Franca terminó la adivinación del espejo mágico y luego se volvió hacia Jenna, dándole su interpretación de la respuesta.

“Normalmente, esto significa que es peligroso, pero podemos manejarlo. Si tenemos cuidado, deberíamos estar bien”.

Jenna preguntó sorprendida: “Pensé que los resultados de la adivinación serían sencillos”.

Sorprendentemente, una frase tan breve venía acompañada de una explicación tan larga.

“¡Es sencillo! “enfatizó Franca con una sonrisa”. Si visitas el Club de Adivinación en el Quartier de la Cathédrale Commémorative y encuentras aficionados, sus lecturas serán aún más vagas. Les resulta más fácil interpretar cualquier resultado. Oh, ¿nunca te ha hecho nadie una adivinación antes?

Jenna asintió con franqueza.

¡Hacer una adivinación cuesta una fortuna!

Franca parecía pensativa, sus ojos se movían de un lado a otro.
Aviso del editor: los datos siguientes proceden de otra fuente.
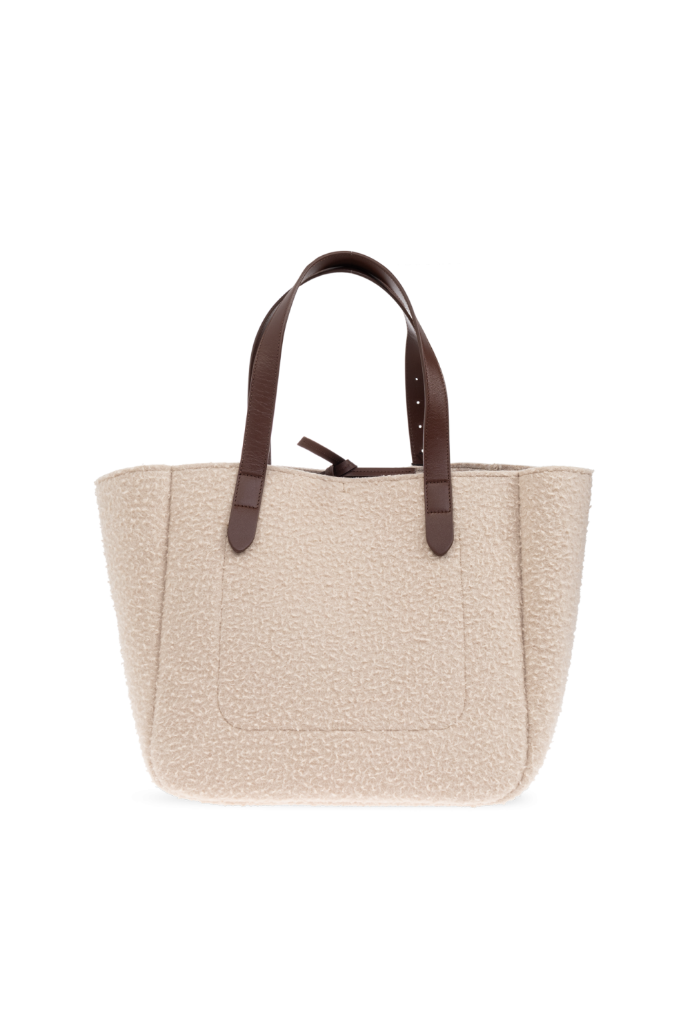 Внешняя отделка, обогащенная войлочной текстурой, восхищает своей мягкостью и эластичностью, подчеркивая роскошный характер изделия. Нежный бежевый цвет универсален, а общий вид дополняют длинные темно-коричневые ремешки из высококачественной телячьей кожи, прикрепленные к внешней стороне сумки и оснащенные серебряными регулируемыми пряжками.
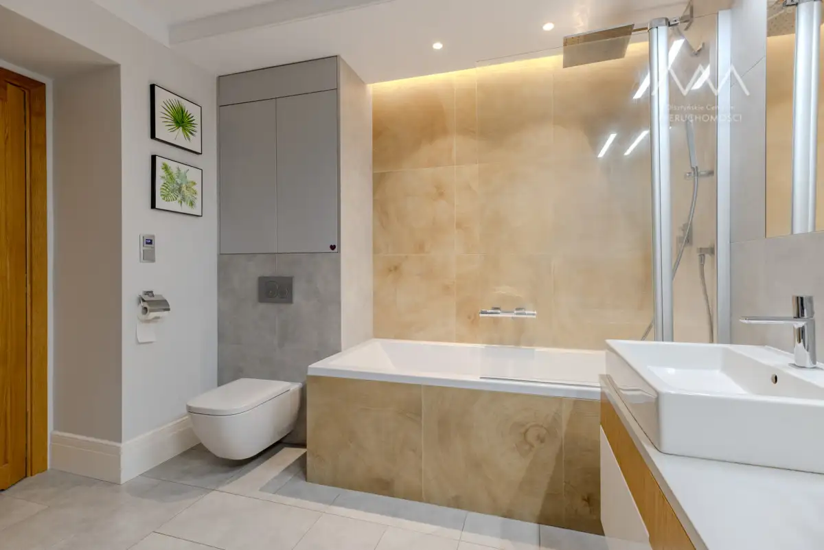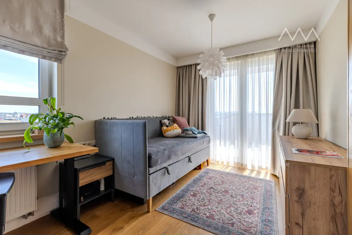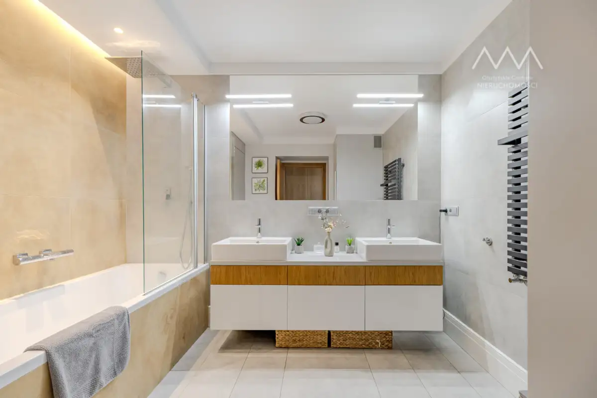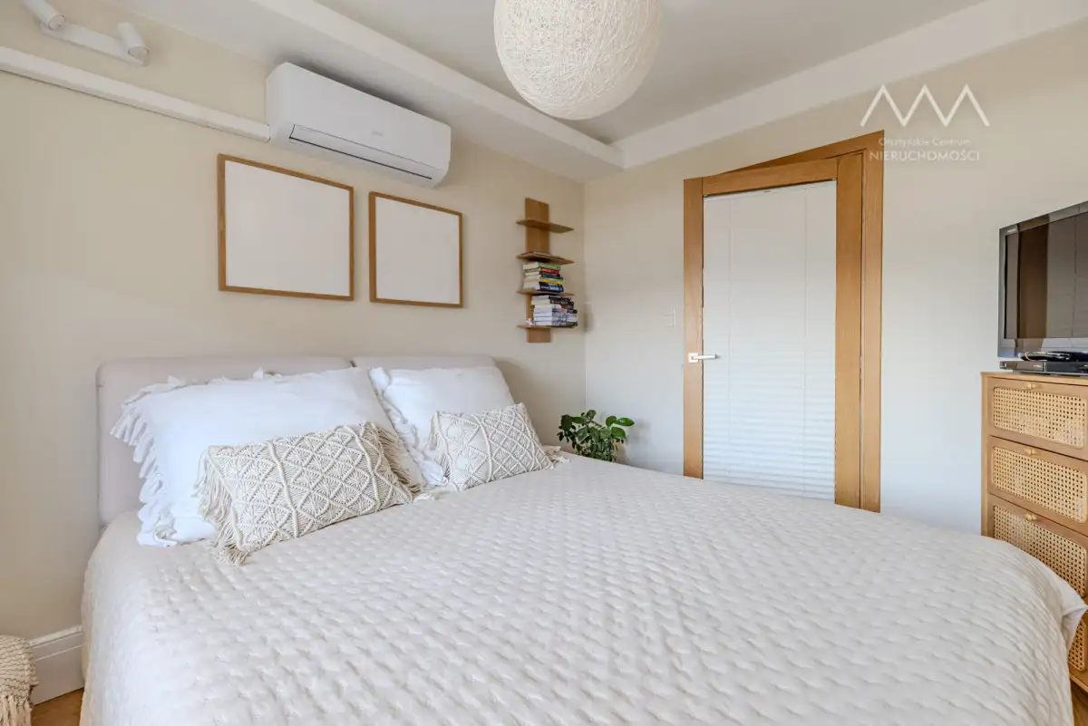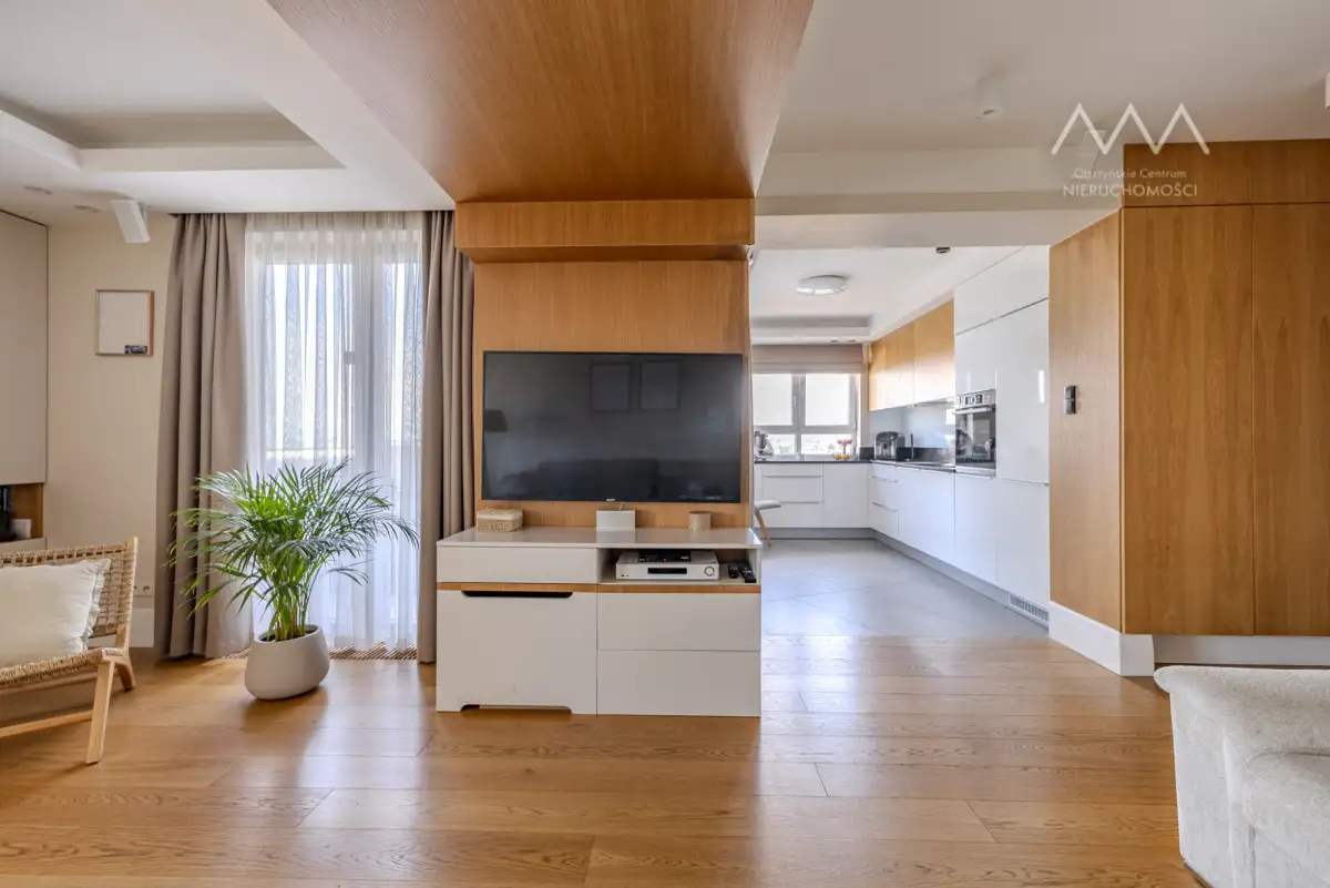 Wnętrza zostały zaprojektowane i wykończone z użyciem materiałów najwyższej jakości. Mieszkanie oferowane jest wraz z unikatowymi meblami wysokiej klasy, które zostały wykonane na zamówienie lub sprowadzone z renomowanych europejskich salonów. Na podłogach znajduje się drewniana deska renomowanej firmy KACZKAN, która nadaje wnętrzu elegancji i ciepła. W przedpokoju jak również w każdej sypialni znajdują się praktyczne szafy w zabudowie, zapewniające dużo miejsca do przechowywania. Dodatkowym atutem jest fakt ,że w mieszkaniu pozostaje nowoczesne i gustowne oświetlenie ,co stanowi wygodę dla przyszłych właścicieli.

“Puedes suscribirte a Psychic, Lotus, Arcane y Hidden Veil. Aunque tienen sus problemas y errores en aplicaciones específicas, ofrecen valiosos conocimientos básicos sobre misticismo”.

“Ah, claro. Ciel suele comprar esas revistas. Puedes… ¡Eh, te ayudaré a pedirlas prestadas!”.

“De acuerdo”. Jenna solo había oído hablar de revistas de misticismo, pero nunca había comprado una.

Tras haber obtenido resultados satisfactorios en la adivinación, el dúo, que había observado la ruta y los alrededores durante el día, llegó rápidamente a la entrada de Deep Valley Quarry al amparo de la noche.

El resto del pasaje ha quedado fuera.